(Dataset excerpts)

◇ ◇ ◇ ◇

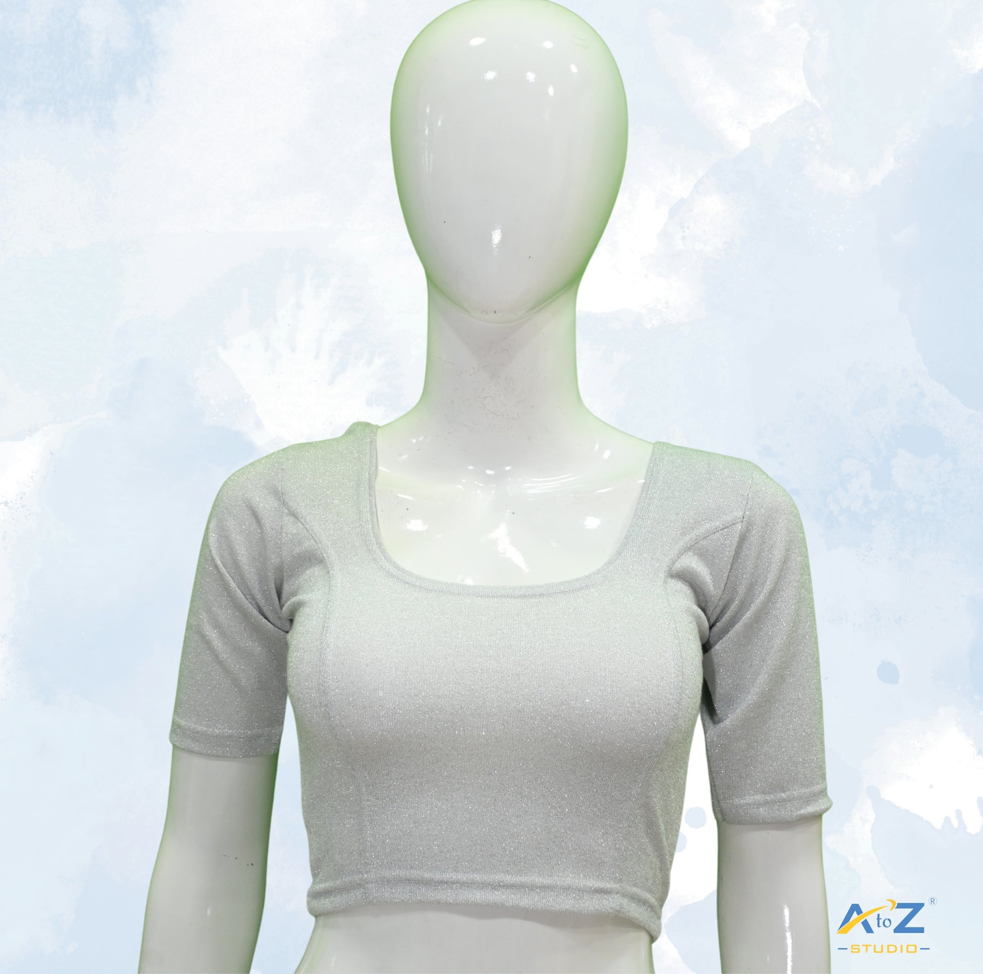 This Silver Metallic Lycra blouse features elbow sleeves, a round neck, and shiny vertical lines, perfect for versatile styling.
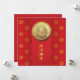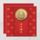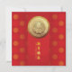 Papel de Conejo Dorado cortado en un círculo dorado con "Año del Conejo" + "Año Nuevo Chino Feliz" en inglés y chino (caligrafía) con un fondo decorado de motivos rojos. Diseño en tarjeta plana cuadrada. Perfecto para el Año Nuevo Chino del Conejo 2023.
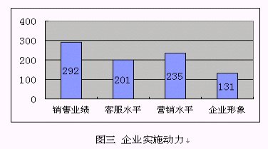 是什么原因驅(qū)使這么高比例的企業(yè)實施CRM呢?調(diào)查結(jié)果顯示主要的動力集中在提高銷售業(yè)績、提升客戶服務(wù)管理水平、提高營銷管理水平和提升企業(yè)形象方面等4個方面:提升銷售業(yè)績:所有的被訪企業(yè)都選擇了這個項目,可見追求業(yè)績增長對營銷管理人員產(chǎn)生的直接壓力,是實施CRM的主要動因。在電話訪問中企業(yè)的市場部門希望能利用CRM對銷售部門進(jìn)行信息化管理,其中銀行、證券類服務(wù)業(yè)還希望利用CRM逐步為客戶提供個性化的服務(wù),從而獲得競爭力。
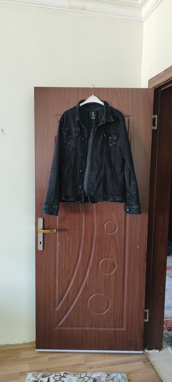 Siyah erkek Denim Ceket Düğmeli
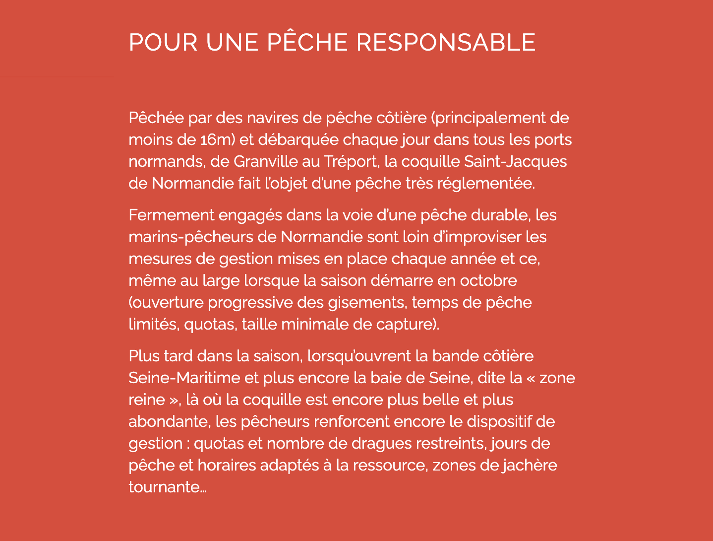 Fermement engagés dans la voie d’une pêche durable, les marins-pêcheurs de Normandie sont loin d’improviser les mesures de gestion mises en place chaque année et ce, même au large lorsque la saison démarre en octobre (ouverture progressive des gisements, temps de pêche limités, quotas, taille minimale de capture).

◇ ◇ ◇ ◇

▶ YOUR TASK
Write the lines from the line containing "Siyah erkek Denim Ceket Düğmeli" through the last line of the data out again exactly, and only those lines; pictures stay out.

▶ EXERCISE ANSWER
 Siyah erkek Denim Ceket Düğmeli
 Fermement engagés dans la voie d’une pêche durable, les marins-pêcheurs de Normandie sont loin d’improviser les mesures de gestion mises en place chaque année et ce, même au large lorsque la saison démarre en octobre (ouverture progressive des gisements, temps de pêche limités, quotas, taille minimale de capture).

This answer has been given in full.